Tout à l'heure au Monument de la Shoa sera dite une prière à la mémoire de toutes les victimes quelques soient leurs options religieuses ou philosophiques, qu'elles soient croyantes ou incroyantes, composées de catholiques, protestants, musulmans, juifs, agnostiques ou athées.
 
Notre pensée va vers toutes les victimes combattantes et civiles et notre reconnaissance envers elles et envers les survivants dont certains sont aujourd'hui présents ici à Puteaux.
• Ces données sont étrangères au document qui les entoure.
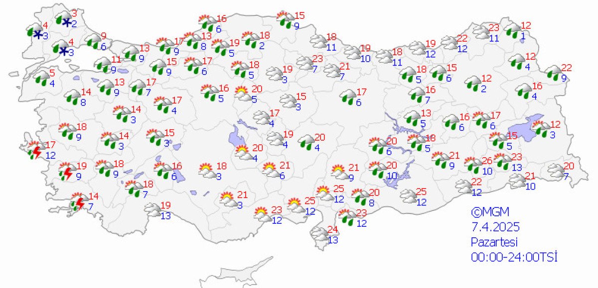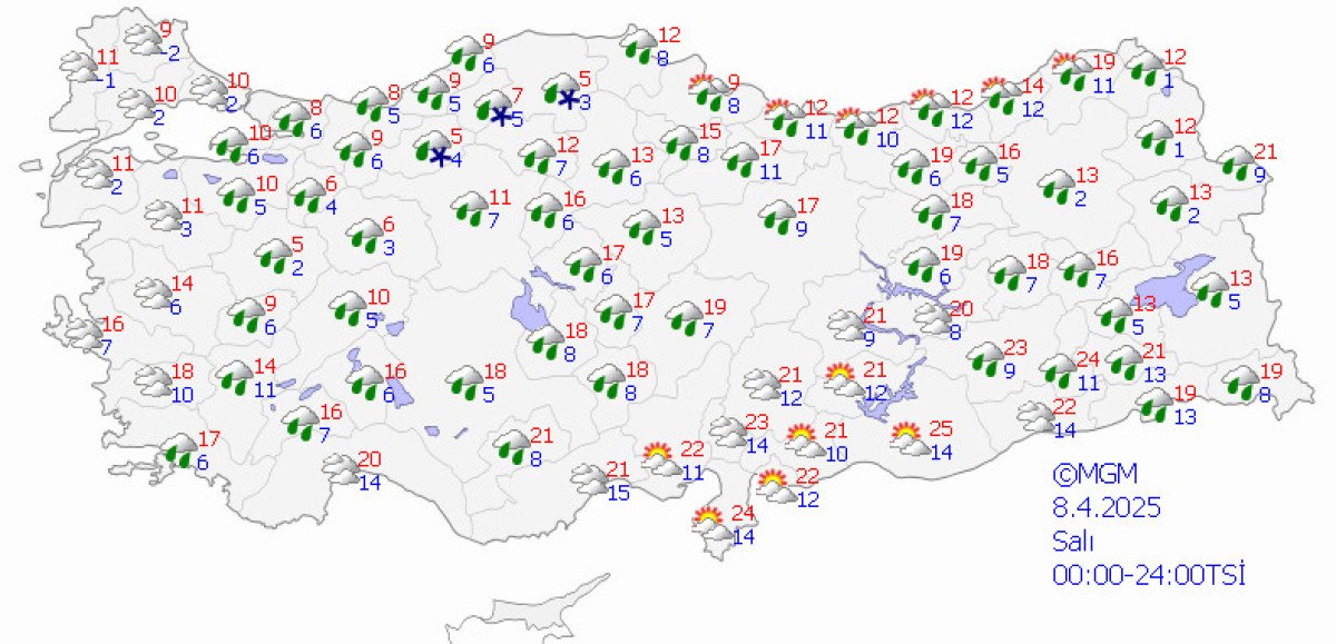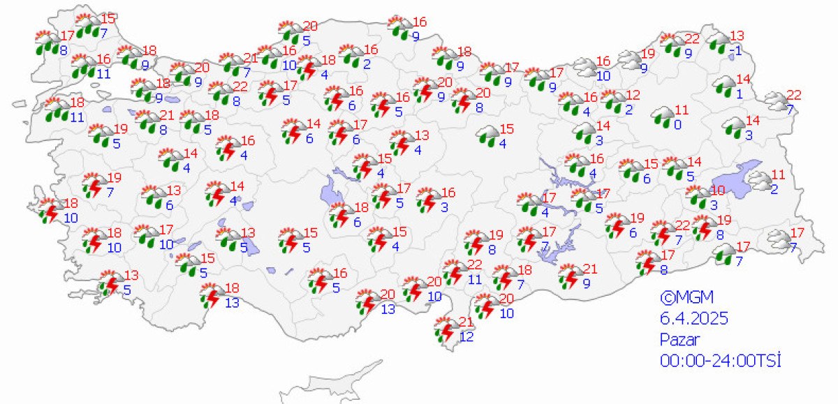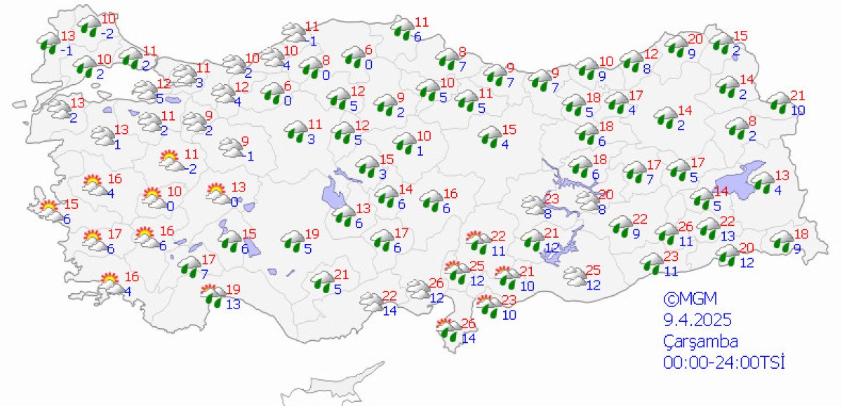 Yağışların genellikle yağmur ve sağanak, güney, iç ve batı kesimlerde yer yer gök gürültü sağanak, Doğu Karadeniz’in iç kesimleri ile Doğu Anadolu’nun kuzeydoğusunun yüksek kesimlerinde karla karışık yağmur ve kar şeklinde görülmesi beklenen yağışların Doğu Anadolu’nun batısı ile Antalya’nın doğusu, Mersin, Adana, Kahramanmaraş, Osmaniye, Hatay kıyıları, Aksaray, Bitlis, Şırnak, Hakkari, Adıyaman ve Siirt çevrelerinde yer yer kuvvetli olması bekleniyor.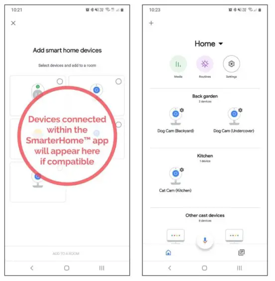 - Once connected, the app will display any compatible devices linked to your SmarterHome™ account. From here you can assign them to rooms and set up any routines.

Je vous remercie de votre attention».

 

Professeur Claude Zenouda
Docteur en géographie

 

 

 

 

 

 

 

 

 

 

 

 

 

 

 

 

 

 

 

 

 

 

 

 

 

 

 

 

 

 

 

 

Pour aller plus loin
José Aboulker, La Victoire du 8 11 novembre 1942 : La Résistance et le débarquement des Alliés à Alger, préface de Jean-Louis Crémieux-Brilhac, Paris, éditions du Félin, 2012, 637 p.
Christine Levisse-Touzé, L'Afrique du Nord dans la guerre, 1939-1945, Paris, Albin Michel, 1998,467 p.

 

(1) Le 11 novembre célèbre à la fois l'Armistice du 11 novembre 1918, la commémoration de la Victoire et de la Paix, et rend hommage à tous les morts pour la France.
 
(2) Promulgué le 24 octobre 1870, ce décret déclare citoyens français les «israélites indigènes des départements de l'Algérie»· Adolphe Crémieux, avocat, homme politique, président du Consistoire central et de l'Alliance Israélite Universelle, est ministre de la justice de septembre 1870 à février 1871. Ce décret est abrogé par le gouvernement de Vichy dès le 8 octobre 1940, soit le lendemain de la promulgation du «statut des juifs» le 7 octobre 1940.
 
(3) Voir la fiche biographique de josé Aboulker établie par l'Ordre de la Libération, disponible sur:
www.ordredelaliberation.fr/fr_compagnon/1042.html (consultée en novembre 2014).